Colors correspond to the Classes of Recommendation in Table 1.

*Fasting lipid panel preferred. In a nonfasting individual, a non–HDL-C level ≥220 mg/dL may indicate genetic hypercholesterolemia that requires further evaluation or a secondary etiology. If nonfasting triglycerides are ≥500 mg/dL, a fasting lipid panel is required.

†In those already on a statin, in whom baseline LDL-C is unknown, an LDL-C <100 mg/dL was observed in most individuals receiving high-intensity statin therapy in RCTs.

‡See Section 6.3.1.

HDL-C indicates high-density lipoprotein cholesterol; LDL-C, low-density lipoprotein cholesterol; and RCTs, randomized clinical trials.

6.2 Optimizing Statin Therapy

Although high-intensity statin therapy reduces ASCVD events more than moderate-intensity statin therapy, lower-intensity statin therapy has also been shown to reduce ASCVD events, although to a lesser degree. Therefore, individuals who merit guideline-recommended statin therapy should be treated with the maximum-appropriate intensity of a statin that does not cause adverse effects.

6.3 Insufficient Response to Statin Therapy

7.1 Sex and Racial and Ethnic Subgroups

Because the RCT evidence shows that the absolute benefit of statin treatment is proportional to baseline ASCVD risk, treatment decisions for women and racial and ethnic subgroups should be based on the level of ASCVD risk. This conclusion is a departure from previous approaches that focused on LDL-C levels to guide treatment decisions. Statin treatment based on estimated 10-year ASCVD risk avoids the overtreatment of lower-risk groups, such as younger, non-Hispanic white women who, despite moderate elevations in LDL-C, are typically not at significantly increased risk for ASCVD in the next 10 years in the absence of substantial risk factor burden. However, ignoring the increased ASCVD risk in African American women and men might result in the undertreatment of some individuals who are at significantly higher ASCVD risk at the same LDL-C level. Thus, this guideline recommends statin therapy for individuals in whom it is most likely to provide ASCVD risk reduction on the basis of the estimated 10-year risk of ASCVD.

7.2 Individuals >75 Years of Age

Fewer people >75 years of age were enrolled in the statin RCTs reviewed. RCT evidence does support the continuation of statins beyond 75 years of age in persons who are already taking and tolerating these drugs. A larger amount of data supports the use of moderate-intensity statin therapy for secondary prevention in individuals with clinical ASCVD who are >75 years of age.
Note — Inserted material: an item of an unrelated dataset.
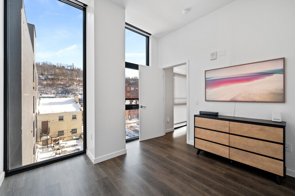 Discover modern urban living in this two-bedroom, two-bath condo located in the heart of Pittsburgh’s highly sought-after Strip District neighborhood. Residence 407 at 2554 Smallman offers an open-concept floor plan, private balcony, and stunning city views within one of Pittsburgh’s most vibrant walkable communities. This contemporary condo features a spacious kitchen with modern finishes that flows seamlessly into the living and dining areas, creating the perfect space for entertaining and everyday living. Oversized curtain walls provide abundant natural light and showcase sweeping views of the Downtown Pittsburgh skyline. The private primary suite includes a walk-in closet and en-suite bathroom, while the second bedroom and full bath offer ideal flexibility for guests, a home office, or work-from-home lifestyle. In-unit laundry, generous storage closets, and secure building access add everyday convenience. James Café on the street level for your morning routine or quick snack. Enjoy true walkable city living just steps from Pittsburgh’s best restaurants, coffee shops, boutiques, fitness studios, nightlife, and the riverfront trail system. This prime location offers quick access to Downtown Pittsburgh, Lawrenceville, the North Shore, hospitals, universities, and major highways, making commuting effortless. One car-deeded garage parking and a dedicated space. No pets. A 6-month fully furnished lease option is available for a fee. Credit and background checks are required by the HOA, along with a deposit of the first month's rent.

However, the limited information available did not clearly support initiation of high-intensity statin therapy for secondary prevention in individuals >75 years of age.

Few data were available to indicate an ASCVD event reduction benefit in primary prevention among individuals >75 years of age who do not have clinical ASCVD. Therefore, initiation of statins for primary prevention of ASCVD in individuals >75 years of age requires consideration of additional factors, including increasing comorbidities, safety considerations, and priorities of care. The Pooled Cohort Equations can also provide information on expected 10-year ASCVD risk for those 76 to 79 years of age that may inform the treatment decision. These factors may influence decisions about cholesterol-lowering drug therapy, especially in the primary-prevention setting. Accordingly, a discussion of the potential ASCVD risk-reduction benefits, risk of adverse effects, drug–drug interactions, and consideration of patient preferences should precede the initiation of statin therapy for primary prevention in older individuals.